Parce que ce n’est pas au monde entier de me dire que je suis belle, gentille, forte et inspirante. Chaque personne sur notre route, nous reflète une partie de son histoire et pose cette dernière à titre de filtre sur ce que nous projetons, c’est comme ça. En Afrique tu seras vue comme une déesse et en occident comme un pichou parce que la beauté c’est externe à soi. La beauté est dans l'œil de celui qui la regarde alors si tu ne te vois pas beau, belle ou même adéquat dans ton apparence ou ton identité, toi seul peux y changer quelque chose. Le monde externe ne compensera jamais un manque d’assurance à l’interne, tu ne peux pas demander au monde de s’adapter à toi, tu ne peux pas demander à chaque humain de t’aimer et de te conforter dans ton identité parce que celle-ci est personnelle. Ton identité personnelle c’est privé, ce n’est pas une affaire du public. 

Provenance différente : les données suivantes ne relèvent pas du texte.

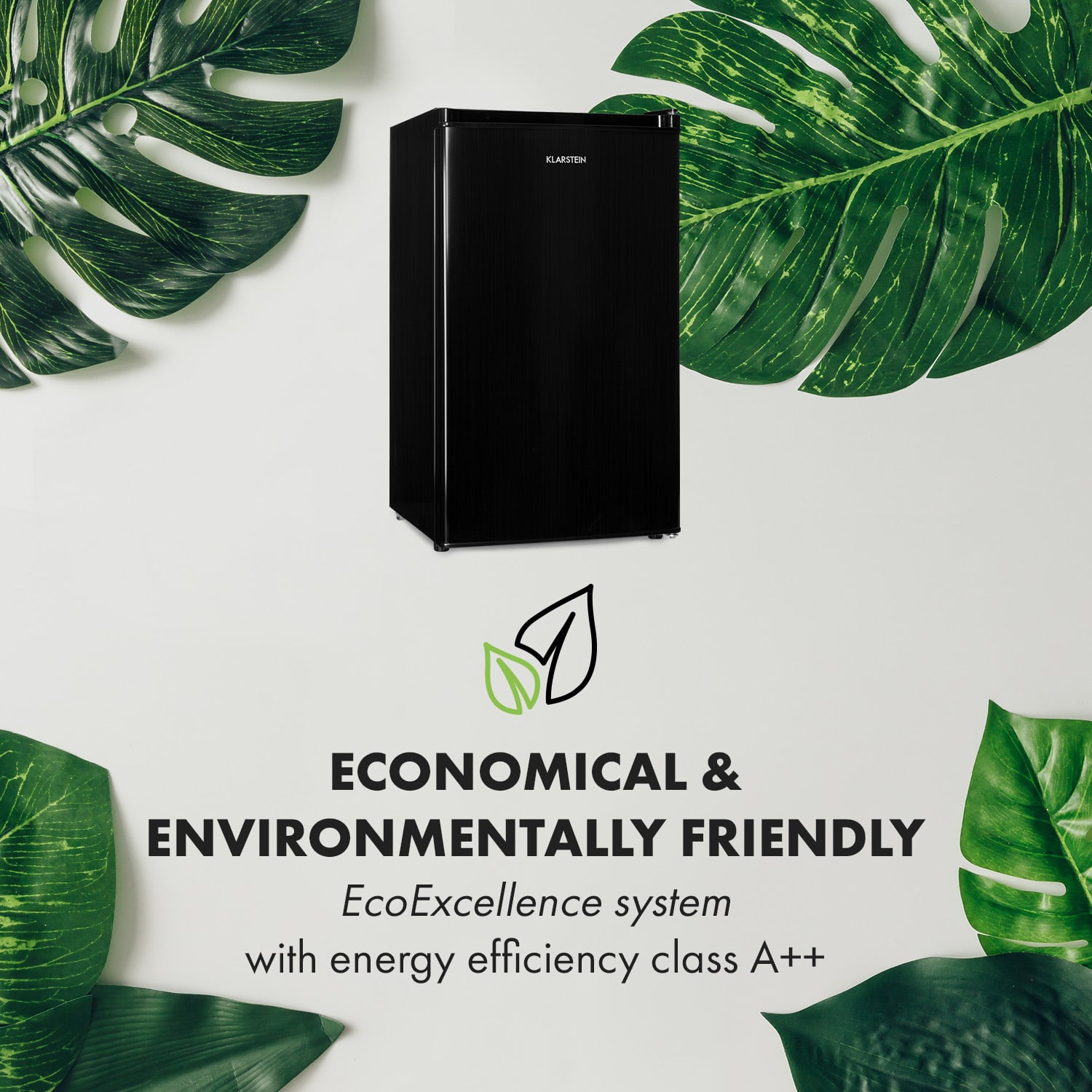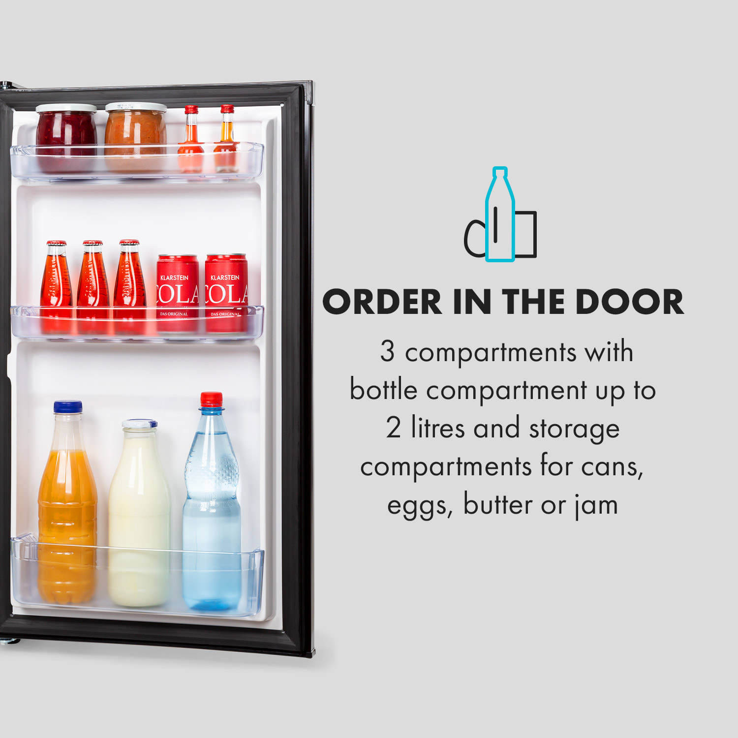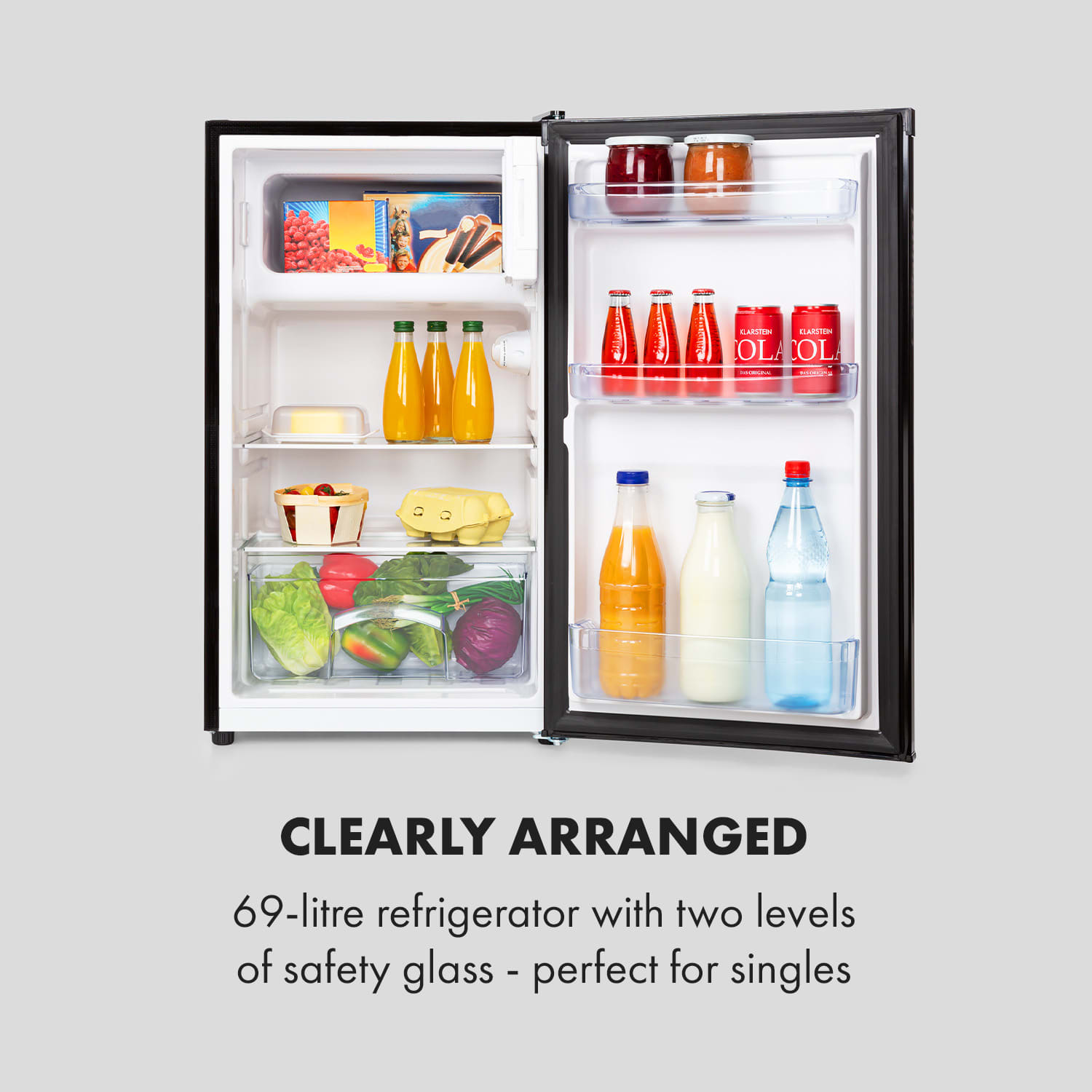 Chladnička s mrazničkou Klarstein Cool Cousin s celkovou kapacitou 81 litrov prináša poriadok a prehľadnosť v čerstvom skladovaní potravín malých domácností.Vybavená dvomi vyťahovacími sklenenými policami a objemom 70 litrov ponúka chladnička dostatok priestoru pre všetky potreby čerstvého jedla jednočlennej až dvojčlennej domácnosti. Fľaše veľkosti do 2 litrov, plechovky a občerstvenie sa uskladňujú v troch odkladacích priestoroch vo dverách, zatiaľ čo čerstvá zelenina je uložená vo vyťahovacom priečinku na zachovanie chrumkavosti. Udržuje uhorky a šalát takmer pri 0 °C podstatne dlhšie čerstvé a chrumkavé ako bežné priehradky na zeleninu. Odnímateľné súčasti uľahčujú čistenie.O ľadovú sviežosť sa postará 3-hviezdičkový mraziaci box vo vnútri zariadenia Klarstein Cool Cousin. Dá sa tu uskladniť mrazená zelenina, hranolky či pizza na doplnenie bežného jedálnička.Chladnička s mrazničkou Klarstein Cool Cousin sa hodí takmer do každého obytného priestoru a štýlu. V ideálnom prípade je vhodná ako moderné prvé zariadenie v domácnostiach jednotlivcov alebo v študentských domácnostiach, v prázdninovom domčeku alebo v párty miestnosti. Chladiacu službu poskytuje s triedou energetickej účinnosti E a s nízkym prevádzkovým hlukom s hodnotou iba 40 dB. Tým chráni nielen peňaženku, ale aj nervy.

J’ai une gratitude infinie pour les peuples soudés, les nations qui ont une identité de groupe et qui savent profondément ce qui les unit. Sans eux, ma vie de voyageuse serait bien pauvre et bien monotone. La culture partagée du Pura Vida, du Ori Tahiti, du tatouage maori, de la nourriture mexicaine, péruvienne et italienne. La culture partagée autour de la danse, de la cérémonie du thé, de l'architecture ici et là-bas …

Et nous, qui sommes-nous en tant que groupe ? 

Qu’est-ce qui est si solide et important pour la communauté, que cela à traversé les époques jusqu’à aujourd’hui ?

Notre patrimoine culturel… quel est-il ?


Ce sujet me touche, mais les peuples fiers et unis me donnent espoir.


Bon voyage chers amis.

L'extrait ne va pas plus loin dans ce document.